Easy Recipes for Healthy Breakfast during Pregnancy

Easy Recipes for Healthy Breakfast during Pregnancy - When it comes to breakfast, there are limitless options of the menu but just be sure to pay a closer attention when dealing with healthy breakfast during pregnancy. It really is crucial to maintain the health of the mother so that that baby will also be healthy during the pregnancy period. So, these are some of the easy breakfast recipes for pregnant women to consider.

healthy breakfast during pregnancy, vegan blueberry pancakes, avocado barley bowl

Vegan Blueberry Pancakes

There is the recipe of Vegan Blueberry Pancakes within the healthy breakfast during pregnancy options. It is a simple meal with easy ingredients and instructions.
• 1 1/3 cups plain and unsweetened soymilk
• 2 tbsp ground flaxseed
• 1 tbsp plus 1 tsp lemon juice
• 1.4 cup hot water
• 2/3 cup oatmeal
• 1 1/3 cups whole-wheat pastry flour
• 1 tbsp baking powder
• 2 tbsp granulated sugar
• ½ tsp salt
• 1 cup pecans
• 2 cups blueberries plus 2 cups optional for serving
Once they are set, go to these instructions in the making of this option of healthy breakfast during pregnancy:
1. Whisk milk and lemon juice in a bowl then let it sit for 10 minutes.
2. Stir ground flaxseed and hot water in another bowl then let it sit for 10 minutes.
3. Add the mixture of flaxseed plus water and also canola oil into the milk plus lemon juice mixture then whisk it.
4. Whisk cornmeal, baking powder, flour, granulated sugar, and salt in another bowl by stirring the dry into the wet and once combined well just add the blueberries as well as soymilk to find the perfect consistency.
5. Use a cast-iron skillet in a medium heat with oil on it which ¼ cup of the batter can be scanted to form each layer of the pancake. Once it is golden brown then it is ready to be served.

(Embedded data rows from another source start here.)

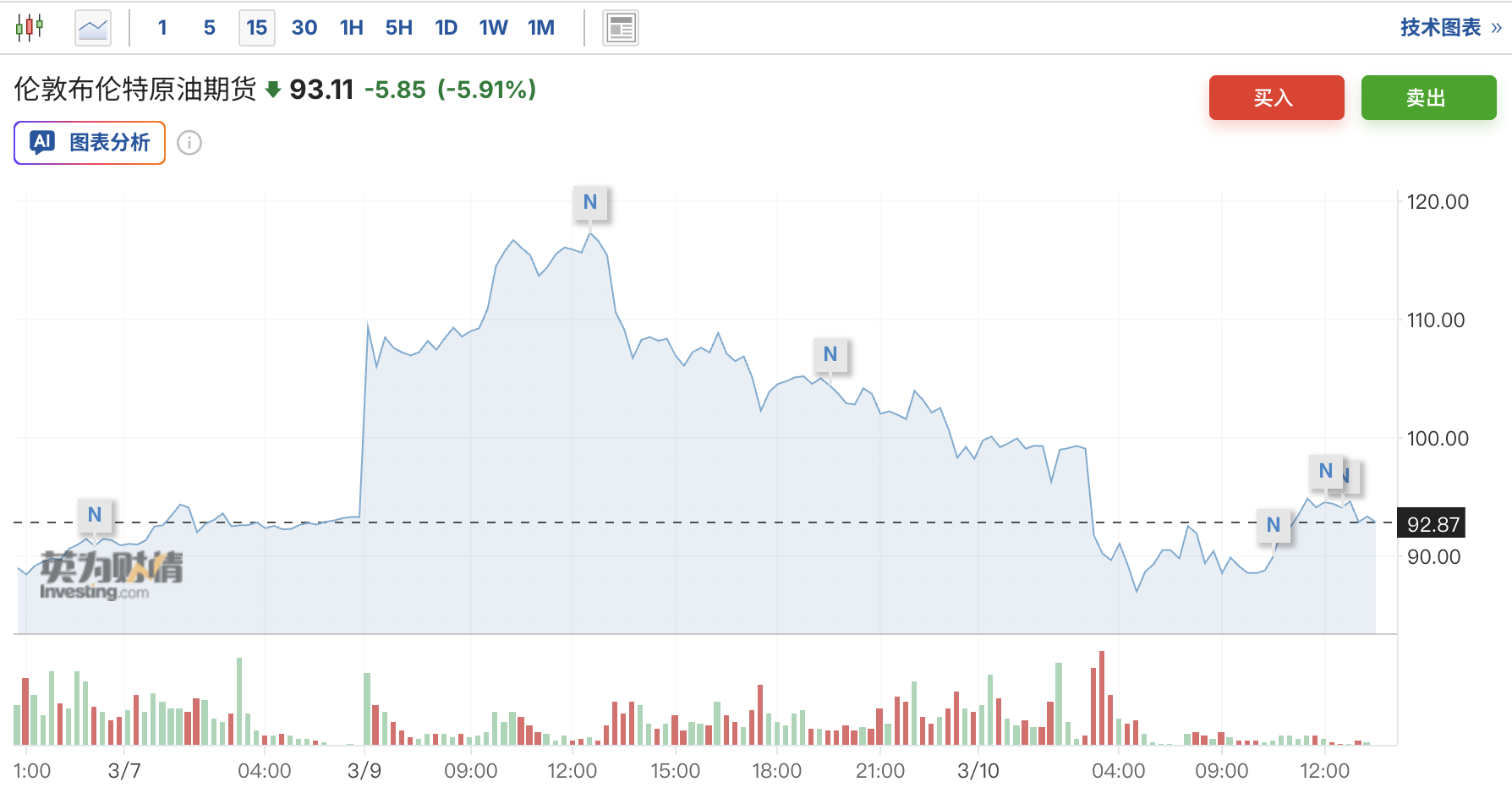 霍尔木兹海峡的实际封锁已令全球能源市场陷入混乱,此前曾推动布伦特原油期货逼近每桶120美元;不过,美国总统特朗普周二暗示战争或将很快结束,期货价格随后大幅回落。截至发稿报价93美元。
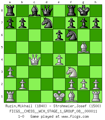 Last move : 1-0 2012 December 21 9:15:21 [Event "FICGS__CHESS__WCH_STAGE_1_GROUP_08__000011"] [Site "FICGS"] [Date "2012.11.01"] [Round "1"] [White "Ruzin,Mikhail"] [Black "Strohmeier,Josef"] [Result "1-0"] [WhiteElo "1840"] [BlackElo "1500"] 1.d4 Nf6 2.c4 e6 3.Nc3 Bb4 4.Qc2 c5 5.a3 Bxc3+ 6.Qxc3 cxd4 7.Qxd4 d5 8.Bg5 dxc4 9.Qxc4 O-O 10.Nf3 Nbd7 11.e4 1-0 Nimzo-Indian : Classical, 4...c5 Kingside Castling by player Black (move 9) Player White won this chess game. Follow this game move after move (download)When you are lonely, when you feel yourself an alien in the world, play Chess. This will raise your spirits and be your counselor in war. (Aristotle) Alles was am Schachbrett zählt sind gute Züge. (Robert James Fischer) Aquel que teme a un Peón de Reina aislado, debería de retirarse del Ajedrez. (Siegbert Tarrasch) Mais n'est-ce pas déjà le limiter injurieusement que d'appeler les échecs un jeu? N'est-ce pas aussi une science, un art, ou quelque chose qui, comme le cercueil de Mahomet entre ciel et terre, est suspendu entre l'un et l'autre, et qui réunit un nombre incroyable de contraires ? (Stefan Zweig) Computers are like Old Testament gods; lots of rules and no mercy. (Joseph Campbell)
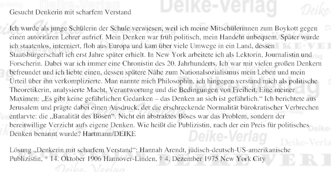 Hannah Arendt - Personenrätsel KW 4925
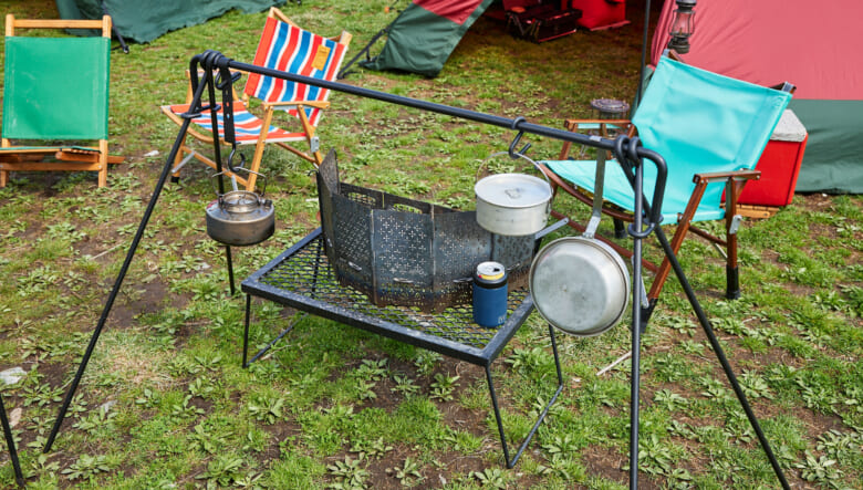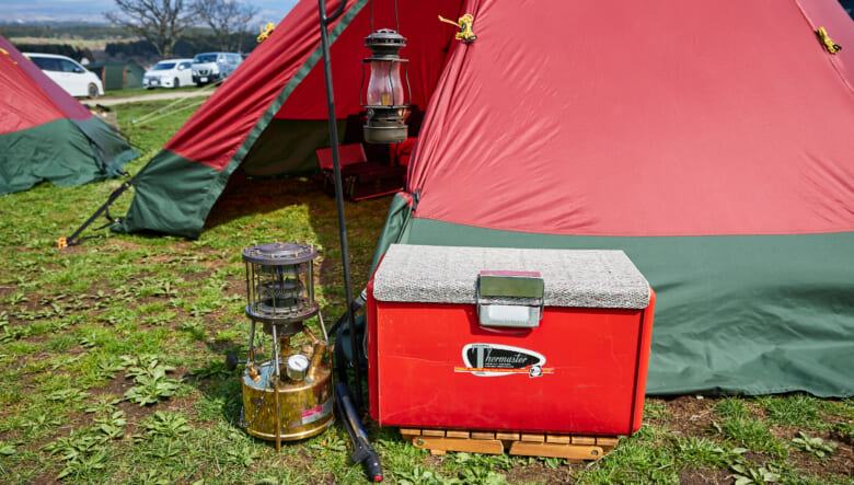 テンティピのワンポールテントをシンメトリーに配置し、寝室とリビングを兼ねた空間として使っていた4人グループのテントサイトだが、やはり目が行くのは焚き火を囲みつつ団らんするための空間。アイアン素材のアイテムを中心にそろえ、サンゾー工務店のロダンやマンゲツを2台体制でセッティング。ここで暖を取るだけでなく調理も楽しめるよう、アイアンラックもしっかりと設置。またテント室内を含め、随所に散りばめられたヴィンテージギアの雰囲気も相まって、アメリカのキャンプシーンを彷彿とさせる。
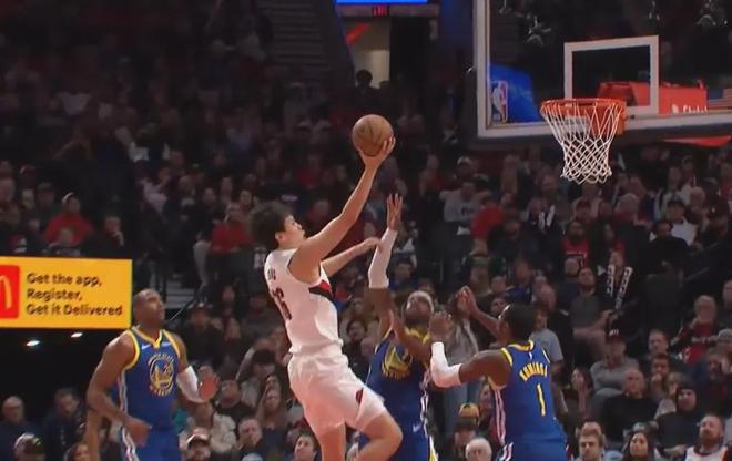 杨瀚森蹲在左侧底角,接球之后一个假动作,直接晃飞了老将霍福德,随后来了个慢三步突破,迎着勇士两个补防的球员就是一次低手上篮。
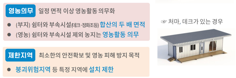 농촌 체류형 쉼터는 농지법 시행령과 시행규칙 개정을 통해 공식적으로 인정받으며, 가설 건축물 형태로 설치될 수 있습니다.
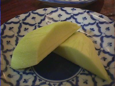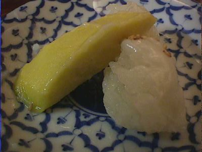 - もち米とマンゴーのデザート。これは本日のイチオシです。なんといってもバーニーさんがタイから持ち帰ってくれた甘く熟したマンゴーのおいしさ、これにつきます。僕は桃に似てる(黄桃から酸味をなくして甘くした感じ)と思うけど、いなはメロンみたいだって言ってました。まあ、とにかく究極の果物の美味しさと言っていいんじゃないでしょうか。うーん、これはまた食べたいです。(め)
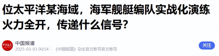 1.《位太平洋某海域,海军舰艇编队实战化演练火力全开,传递什么信号?》2025-03-03 00:54 | 来源:中国报道
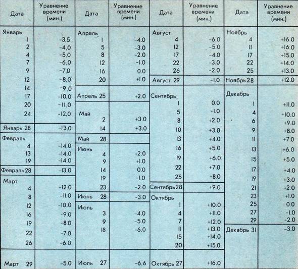 Местный полдень определяют с помощью шеста длиной 1-1,5 м и нескольких колышков. Шест втыкают в землю строго вертикально (это легко проверить самым простейшим отвесом), а затем, по мере приближения солнца к зениту, отмечают колышками край тени, отбрасываемой шестом. Тень, перемещаясь, постепенно укорачивается, и тот момент, когда она стала самой короткой, и есть местный полдень, т. е. прохождение солнца через данный меридиан (рис. 7). Теперь остается только записать показания часов и произвести несложный расчет. При переводе часов в градусы исходят из того, что 1 час соответствует 15°4', минута – 1°4', секунда – 1' долготы. Следует учесть, что угловая скорость движения солнца меняется в зависимости от времени года, и поэтому в расчет необходимо ввести поправку, взятую из таблицы уравнения времени (рис. 8). В зависимости от знака, стоящего перед поправкой, ее либо вычитают, либо прибавляют.
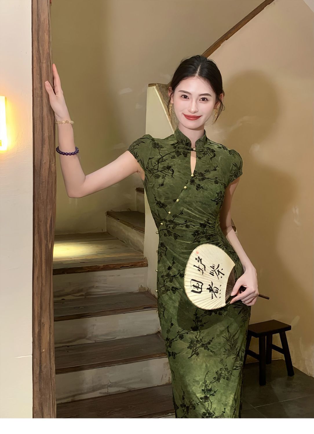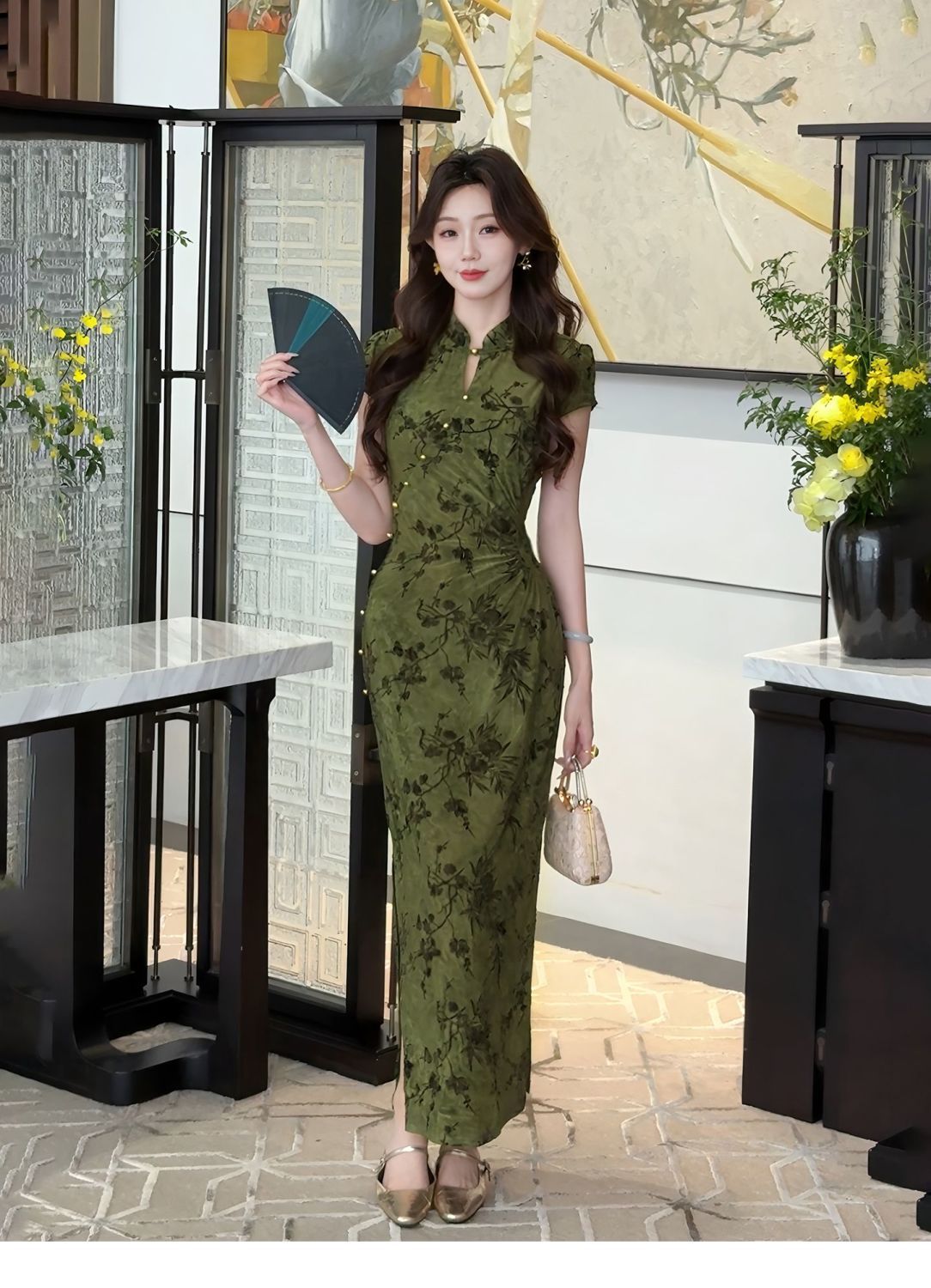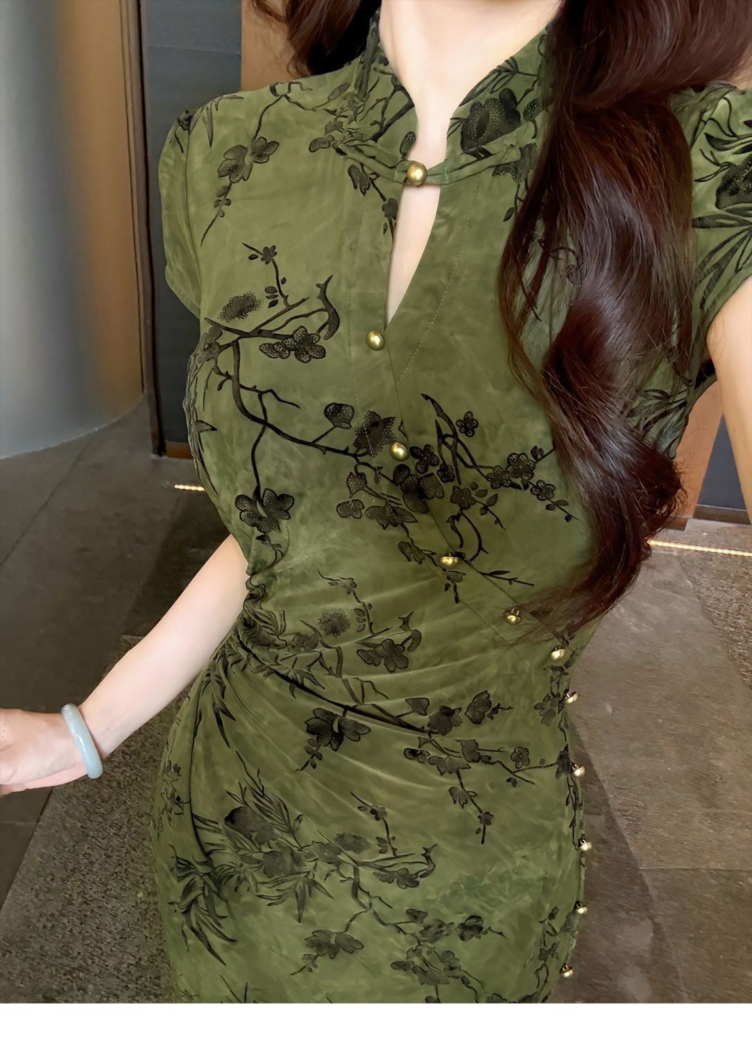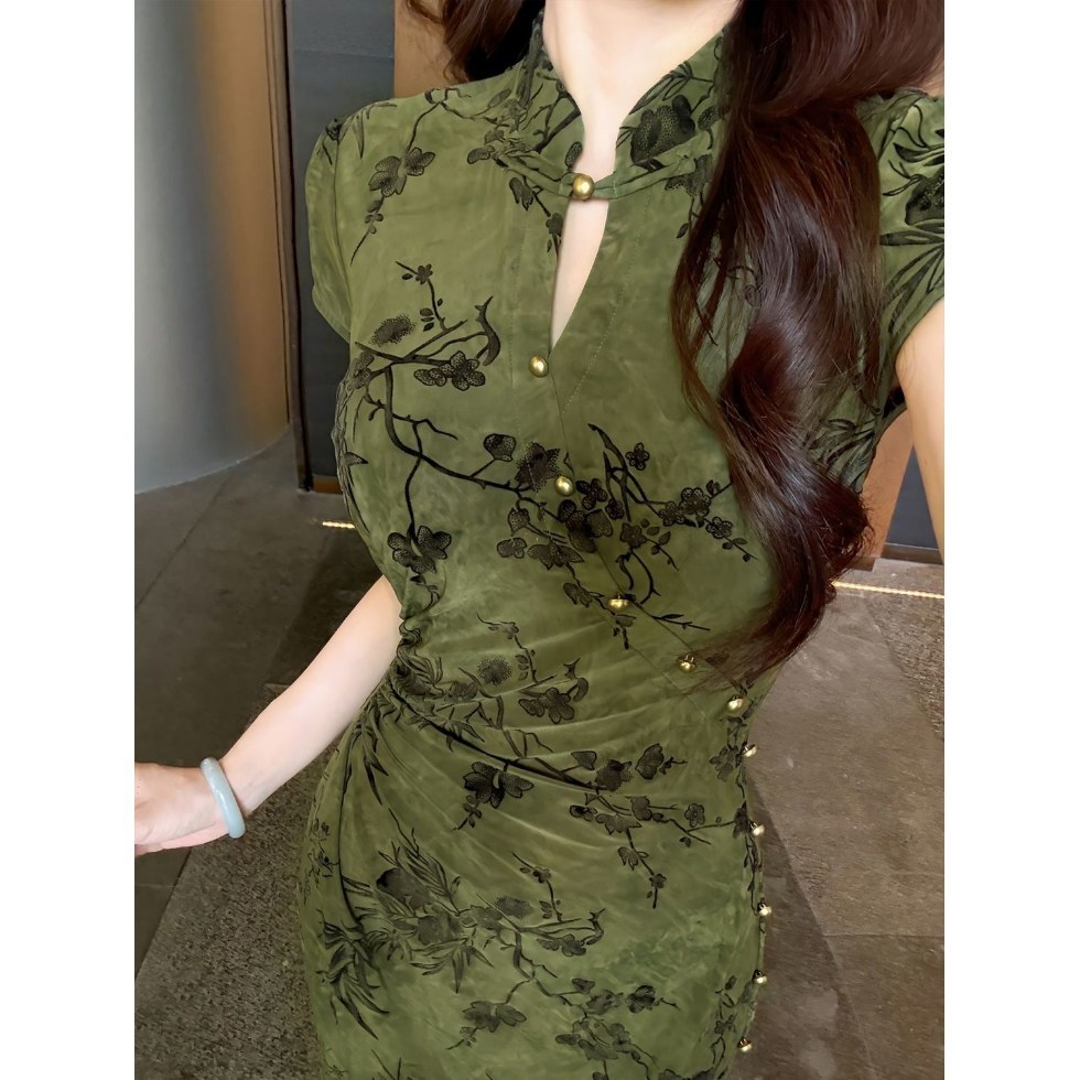 Новое китайское платье с вышивкой и воротником чонсам, улучшенное женское платье чонсам, весна-лето 2025, новый стиль, платье с вырезом на талии, утягивающее платье
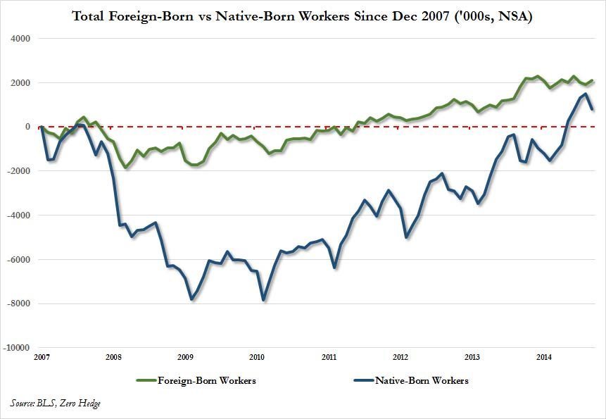 Since December 2007, native-born Americans have added only 790,000 positions in the U.S. economy. Foreign-born workers, on the other hand, have added 2.1 million positions.
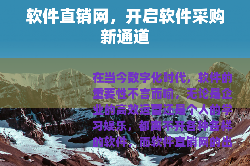 在当今数字化时代,软件的重要性不言而喻,无论是企业的高效运营还是个人的学习娱乐,都离不开各种各样的软件,而软件直销网的出现,为广大用户提供了一个便捷、高效且具有诸多优势的软件采购平台。
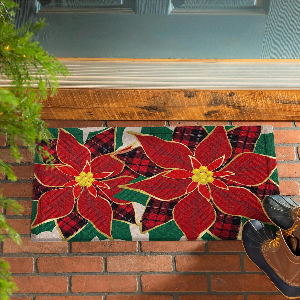Welcome guests in style with the Poinsettia Embossed Mat, perfect for adding a festive touch to your entryway. Measuring 30 inches in width and 18 inches in height, this mat features a vibrant poinsettia design with rich red and green hues, accented by a subtle plaid pattern. Made with a durable material, it provides a warm welcome while effectively trapping dirt and moisture. The embossed texture not only adds visual interest but also enhances its cleaning effectiveness. Ideal for the holiday season, this mat is both functional and decorative, making it a must-have for your home.

healthy breakfast during pregnancy, avocado barley bowl, vegan blueberry pancakes
Related post: Healthy Breakfast at Starbucks You Can Make

Avocado Barley Bowl

Meanwhile, Avocado Barley Bowl is also included in the menus of healthy breakfast during pregnancy.
• 1 ½ cups cooked barley
• ¼ tsp kosher salt
• ¼ cup sliced almonds
• Flaky sea salt
• 1 small ripe avocado peeled and sliced
• 1 tbsp chopped chives
• Ground black pepper
• 1 tsp grated lemon zest
• ½ cup plain yoghurt
• 1 tsp lemon juice
This menu of healthy breakfast during pregnancy can be prepared real quickly in these steps:
1. Stir barley, kosher salt, and almonds then top it with sliced avocado and yoghurt sauce as well as another salt and pepper as desired.
2. Whisk yoghurt, lemon zest, lemon juice, and chives to make a sauce then pour the sauce over the avocado bowl.
It is clear now that preparing meals within the menus of healthy breakfast during pregnancy is easy, right?